As a school teacher, I have sat in on end-of-the-year meetings that determine whether or not some of the students should be passed on based on academic achievement through assessments and absences. These meetings are very important due to the fact that a student could be held back or made to attend summer school. One disturbing experience I had one year was when the principal and the teachers that had a certain student voted to pass him on because “he is annoying and a pain.” This student did NOT deserve to advance to the next level. I had him in my English class and he refused to do 85% of his work and the 15% he did do was guesses that showed no academic effort or progress. He was also absent over 20 days, which is at least four days over the supposed “allowed” absence limit. One of the grading periods, this kid had a zero average in 4 of his classes. In my class he had a 27.

He was passed on.

I argued against him getting passed on, but I was outnumbered and outranked. If I’m honest, I came out of that meeting discouraged and confused to just what exactly was happening in our schools. This was my first year teaching, so this was my first meeting of the kind. The quickness of their decision and the joking attitude towards the subject led me to speculate that this wasn’t the first time this had happened. It is sad to think that a school, an institution that is supposed to put the students in a place to succeed, makes decisions rashly and based on emotions.

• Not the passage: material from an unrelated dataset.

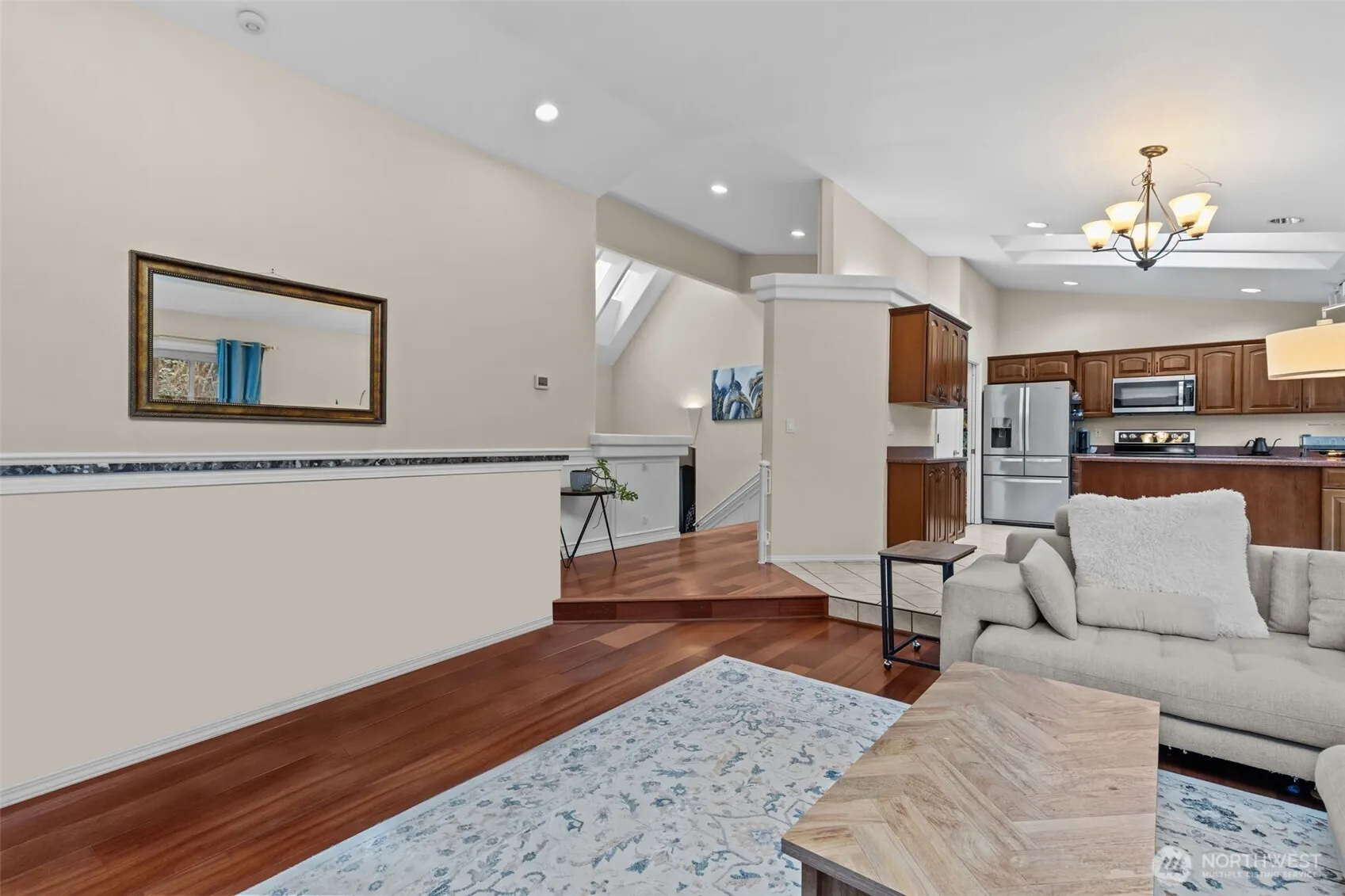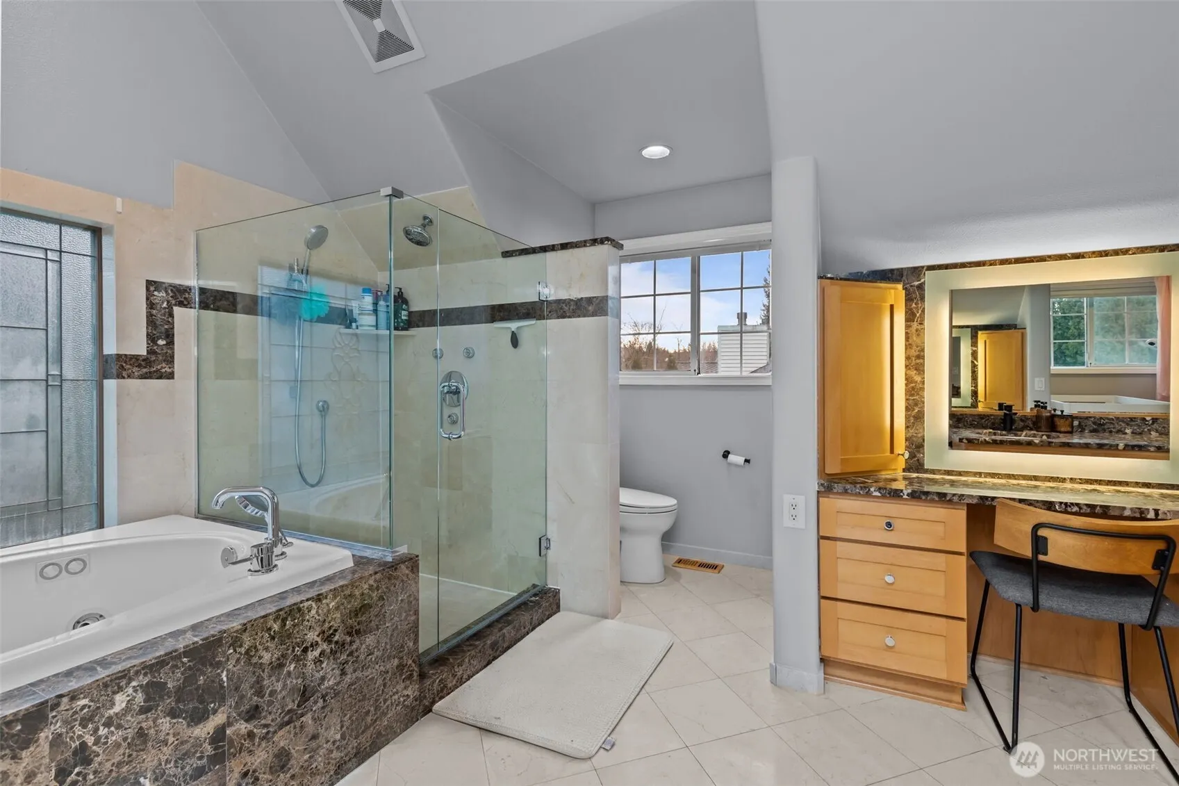 Privacy is so rare at this price! This home backs to a protected community greenbelt and walking path. No rear neighbors ever! At almost 2700sf, it’s thoughtfully designed and includes dramatic vaulted ceilings throughout, you have a ton of light and a larger flow vibes, two gas fireplaces, a bright open kitchen, and a professional sound studio. The gigantic primary suite is it’s own retreat, while two additional bedrooms, and a full bath complete the lower level. At the entry, you have a powder room, beautiful vaulted living room overlooking the yard, a flexible office/bedroom space, and the a grand entry staircase that WOW’s!

Schools should not lower their expectations of students. If a student does not obtain a certain amount of mastery in that grade, then they should not advance to a higher grade. It’s a domino effect. If they get passed on without the proper knowledge, then the next teacher that gets them cannot teach the required grade level content because there is no foundation. They have to go back and reteach what the student should already know from the previous year. This results in lost time, opportunity to learn, and lower test grades. Lower grades on the STAAR test puts a teacher on the hot seat. STAAR is how a teacher is judged. That is a conversation for another post though.

I would urge school to stop taking the easy way out and to actually try their hardest to make sure the students are learning what they need to at each grade level. This goes back to my earlier post The American Education System….One BIG Fail talking about how we are a country of mediocracy. We can do better. We should do better.

If you’re a parent, please instill a good work ethic in your children so that they will do the work to be successful and well educated.